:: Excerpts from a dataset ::
· · · · · · ·

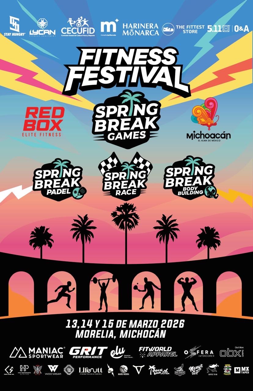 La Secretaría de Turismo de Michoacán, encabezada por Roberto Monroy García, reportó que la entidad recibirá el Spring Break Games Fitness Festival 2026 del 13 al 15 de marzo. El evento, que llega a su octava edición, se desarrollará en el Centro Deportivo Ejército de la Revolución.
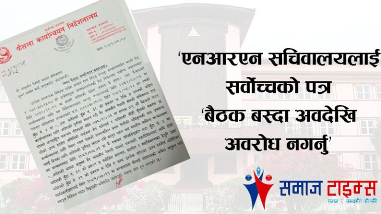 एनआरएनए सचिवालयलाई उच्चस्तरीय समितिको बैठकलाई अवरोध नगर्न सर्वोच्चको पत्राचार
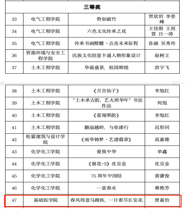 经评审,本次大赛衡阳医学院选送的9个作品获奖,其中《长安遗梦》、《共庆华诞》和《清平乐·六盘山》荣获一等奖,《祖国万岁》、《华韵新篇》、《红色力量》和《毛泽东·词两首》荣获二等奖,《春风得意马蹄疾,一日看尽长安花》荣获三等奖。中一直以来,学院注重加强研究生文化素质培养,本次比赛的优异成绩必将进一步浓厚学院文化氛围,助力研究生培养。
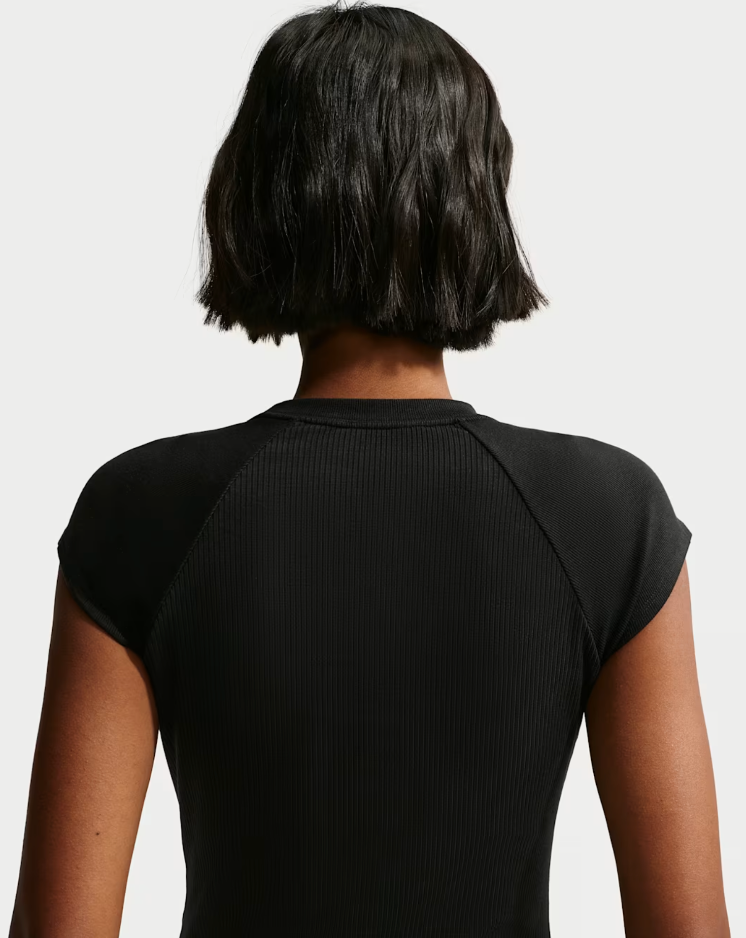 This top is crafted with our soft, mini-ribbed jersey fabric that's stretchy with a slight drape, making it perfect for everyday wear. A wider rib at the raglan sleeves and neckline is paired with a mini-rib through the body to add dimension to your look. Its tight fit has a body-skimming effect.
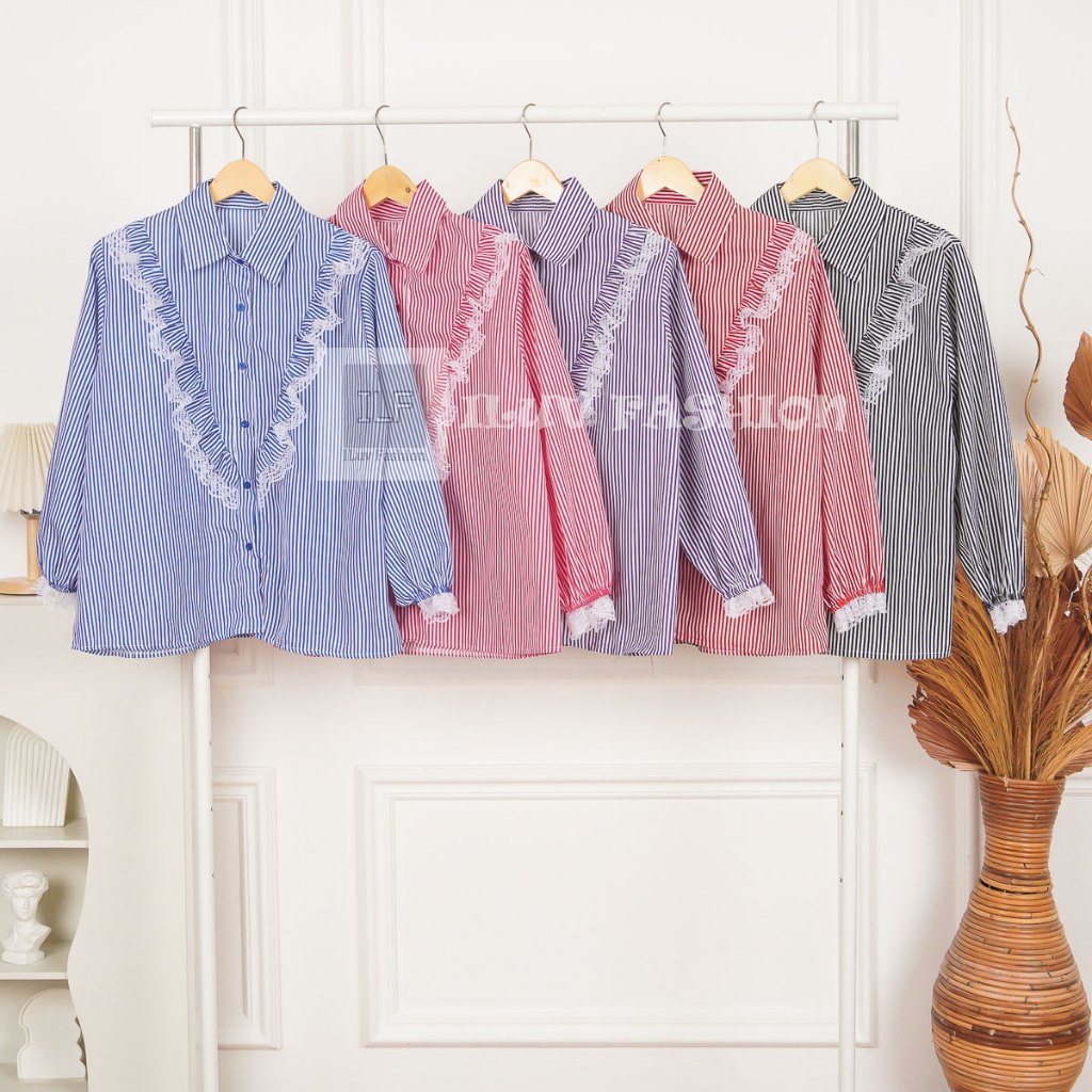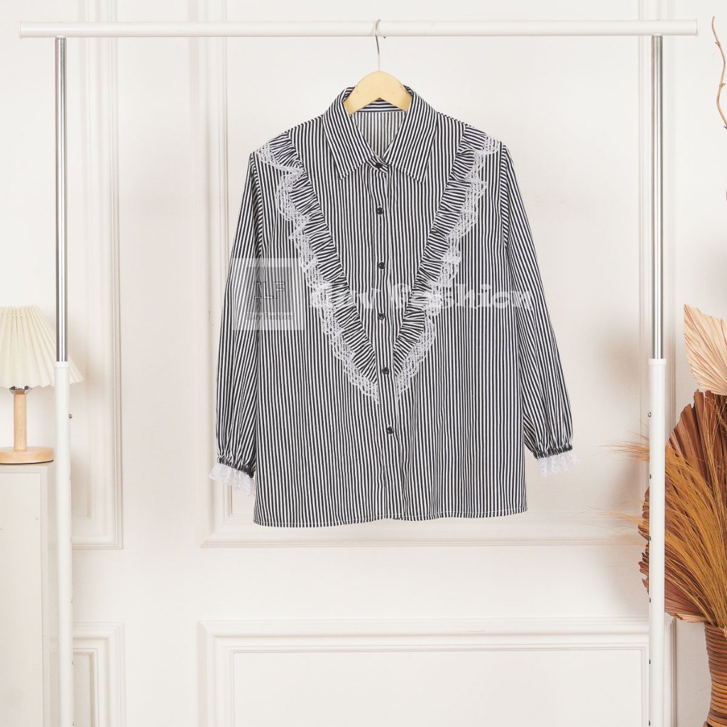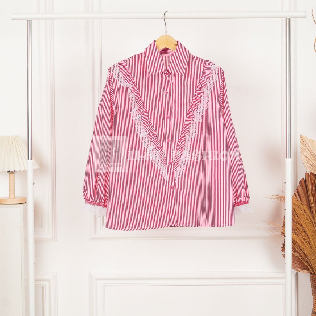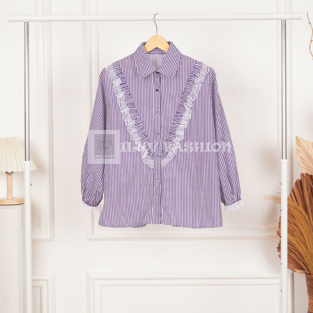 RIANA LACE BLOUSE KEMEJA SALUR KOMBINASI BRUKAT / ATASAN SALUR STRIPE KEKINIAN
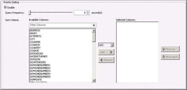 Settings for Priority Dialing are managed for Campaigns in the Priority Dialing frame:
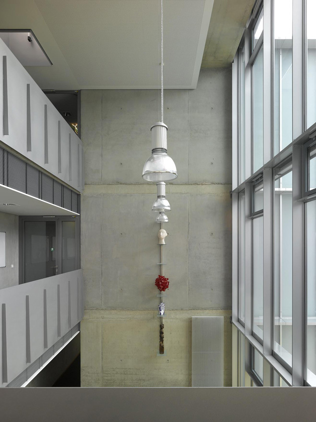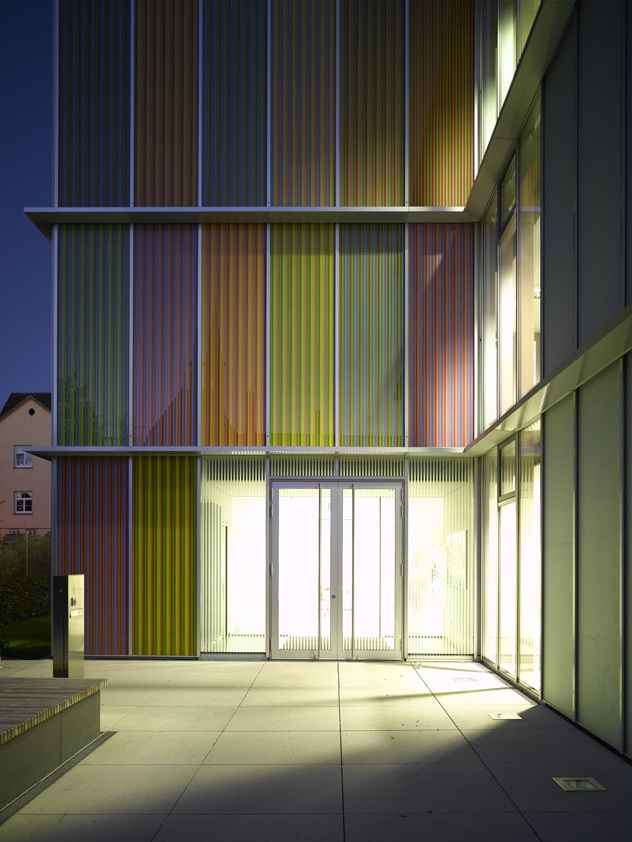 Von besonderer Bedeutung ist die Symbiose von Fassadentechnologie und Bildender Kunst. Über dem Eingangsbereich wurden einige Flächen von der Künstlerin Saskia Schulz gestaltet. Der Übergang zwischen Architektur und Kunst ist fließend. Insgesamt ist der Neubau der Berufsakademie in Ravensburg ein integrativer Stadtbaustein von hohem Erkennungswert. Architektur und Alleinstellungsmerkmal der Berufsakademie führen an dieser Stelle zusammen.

· · · · · · ·

:: TASK DIRECTIONS ::
No pictures belong in the output. Restate word for word only the lines from the one containing "经评审,本次大赛衡阳医学院选" to the end of the entries above.

:: REPLY TO THE EXERCISE ::
 经评审,本次大赛衡阳医学院选送的9个作品获奖,其中《长安遗梦》、《共庆华诞》和《清平乐·六盘山》荣获一等奖,《祖国万岁》、《华韵新篇》、《红色力量》和《毛泽东·词两首》荣获二等奖,《春风得意马蹄疾,一日看尽长安花》荣获三等奖。中一直以来,学院注重加强研究生文化素质培养,本次比赛的优异成绩必将进一步浓厚学院文化氛围,助力研究生培养。
 This top is crafted with our soft, mini-ribbed jersey fabric that's stretchy with a slight drape, making it perfect for everyday wear. A wider rib at the raglan sleeves and neckline is paired with a mini-rib through the body to add dimension to your look. Its tight fit has a body-skimming effect.
 RIANA LACE BLOUSE KEMEJA SALUR KOMBINASI BRUKAT / ATASAN SALUR STRIPE KEKINIAN
 Settings for Priority Dialing are managed for Campaigns in the Priority Dialing frame:
 Von besonderer Bedeutung ist die Symbiose von Fassadentechnologie und Bildender Kunst. Über dem Eingangsbereich wurden einige Flächen von der Künstlerin Saskia Schulz gestaltet. Der Übergang zwischen Architektur und Kunst ist fließend. Insgesamt ist der Neubau der Berufsakademie in Ravensburg ein integrativer Stadtbaustein von hohem Erkennungswert. Architektur und Alleinstellungsmerkmal der Berufsakademie führen an dieser Stelle zusammen.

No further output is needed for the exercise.